I own a 5D2 and a 1V. I have no intention of replacing either of them anytime soon. The nice thing about the 1V, it is the pinnicle of Canon's 35mm film camera's, never to be replaced/upgraded. I got mine 10 years ago and don't ever have to worry about outlaying the money to upgrade it!

Funny to think how the 1V's MSRP was so much at the time (it's still listed a 2k or so); now people think about paying more than that every other year just to have the most current model. Back in 2001, spending $2100 on a camera was a huge splurge.


----------



## Shnookums (Sep 28, 2011)

I couldnt care less about a 5DIII myself... I'm waiting for the next 1 Serie body and nothing else.



gferdinandsen said:


> Funny to think how the 1V's MSRP was so much at the time (it's still listed a 2k or so); now people think about paying more than that every other year just to have the most current model. Back in 2001, spending $2100 on a camera was a huge splurge.



Back in the days you have to spend a fortune in film too


----------



## gferdinandsen (Sep 28, 2011)

Shnookums said:


> I couldnt care less about a 5DIII myself... I'm waiting for the next 1 Serie body and nothing else.
> 
> 
> 
> ...




@$7.00 per roll of 36 of E6 and a similar amount to process we are talking about $0.40 per transparency that does not even count the cost of having the slide printed!


----------



## Tarrum (Sep 28, 2011)

And the worse thing is, people are acting like "I need the 5D MK III so where is it". Jeez, Canon doesn't owe you anything, and just because you said you need it it wont make much of a difference.

This is a business, not making all of you happy - sure a little bit of that is involved but come on.


----------



## bycostello (Sep 28, 2011)

i take my images and not the camera... so not fussed at all about a mk3..... i want a lighter mirrorless model, beyond that, no fussed


----------



## nikkito (Sep 28, 2011)

Tarrum said:


> And the worse thing is, people are acting like "I need the 5D MK III so where is it". Jeez, Canon doesn't owe you anything, and just because you said you need it it wont make much of a difference.
> 
> This is a business, not making all of you happy - sure a little bit of that is involved but come on.

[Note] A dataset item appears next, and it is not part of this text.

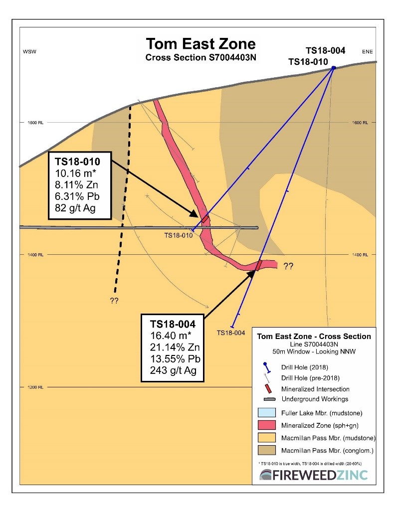 Tom East is one of the highest grade zones on the property. In 2018, drilling extended the zone to depth with the deepest hole intersecting 16.4 m grading 21.14% zinc, 13.55% lead and 243 g/t silver (Figure 5; see Fireweed news release dated September 20, 2018 for details). The zone remains open for expansion with plans to continue testing its depth extension by core drilling in 2019.

you seem to forget that for some of us photography is our job. and is normal that we want new improved tools to make our job a little bit easier or better.


----------



## sb (Sep 28, 2011)

Chris, it sounds like 1DMk3 is actually still the perfect camera for you. Why do you feel that it's time for an upgrade if your camera does everything you want?


----------



## Meh (Sep 28, 2011)

Millions of people are not interested in a 5D3. My mother doesn't even know what that is. For any of us to declare we are not interested in the 5D3 whilst discussing it on this site is *interesting*.


----------



## gferdinandsen (Sep 28, 2011)

Meh said:


> Millions of people are not interested in a 5D3. My mother doesn't even know what that is. For any of us to declare we are not interested in the 5D3 whilst discussing it on this site is *interesting*.



LOL. Actually billions of people have no interest.


----------



## nikkito (Sep 28, 2011)

Meh said:


> Millions of people are not interested in a 5D3. My mother doesn't even know what that is. For any of us to declare we are not interested in the 5D3 whilst discussing it on this site is *interesting*.



+1


----------



## Meh (Sep 28, 2011)

bycostello said:


> i take my images and not the camera... so not fussed at all about a mk3..... i want a lighter mirrorless model, beyond that, no fussed



Very true, but what if the next generation offers you some ability to do something your current camera does not. I'm no saying the 5D3 will do that but what if. You are still you so a better tool can only be an improvement, not worse.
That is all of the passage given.